Graphing the Chisquare Correlations
The following graph shows the difference between the counts of significant
correlations for synchronized vs control pairs of eggs. There are, as noted,
more positive and less negative correlations in the synchronized
data than in controls. I am uncertain that the estimate for the standard
deviation (used to scale the graph) is statistically correct, and hence do not feel a
parametric test of differences is appropriate.

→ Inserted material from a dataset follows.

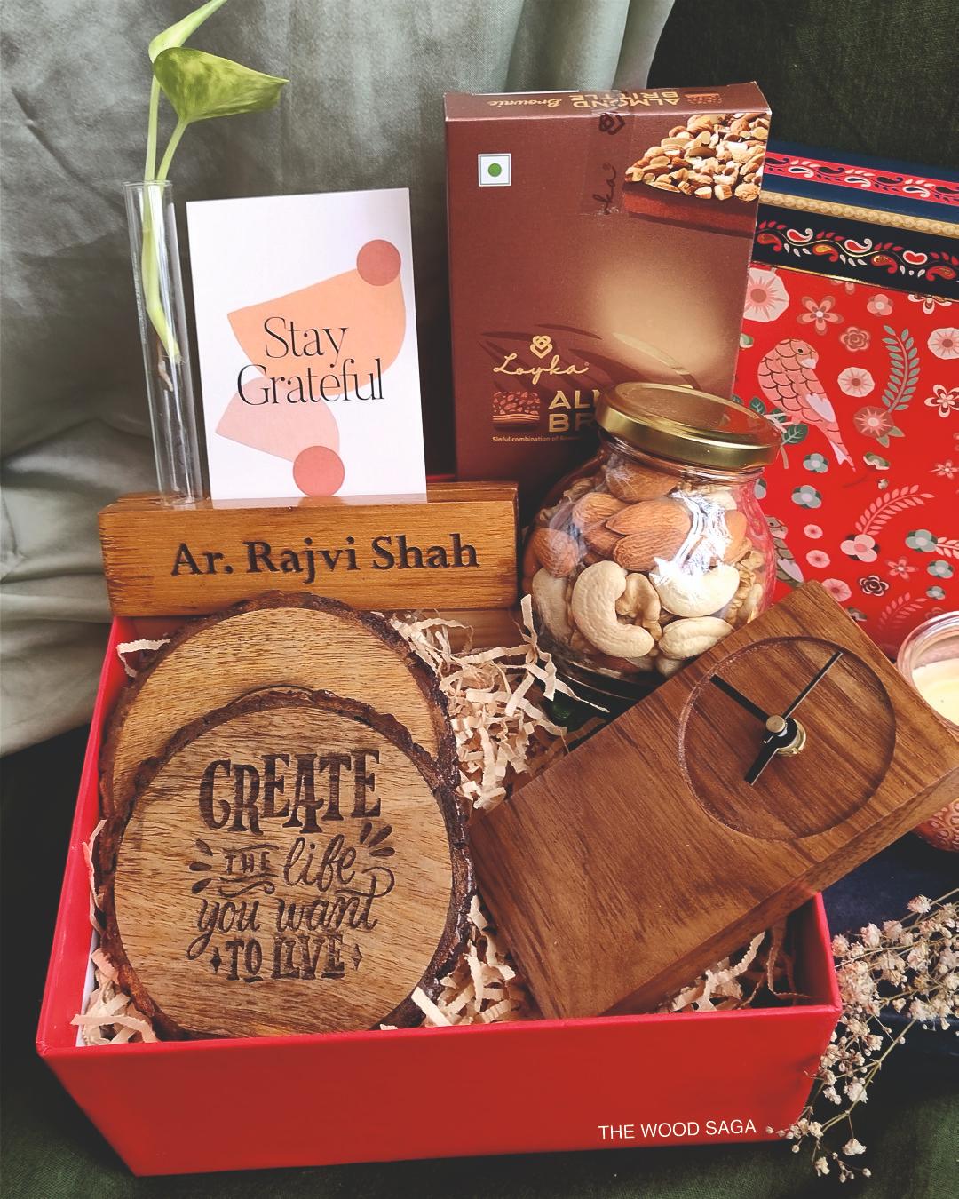 Includes – Wooden clock, 2 wooden coaster, Personalized table top planter, Dry fruit jar, chocolate brittles.

A non-parametric Wilcoxon Signed-Rank test gives a two-tailed
probability of 0.078 for the excess of positive correlations, 0.039 for the
deficit of negative correlations, and p = 0.019 for the
difference between the positive and negative correlation counts,
providing further evidence that there may be a generalized effect of
correlation among the synchronized eggs.
This work is new, and there are issues such as the effects of possible non-independence and the computation of appropriate error estimates which need deeper consideration. Several people are involved, and part of the exchange is by email, allowing us to provide access to the discussion.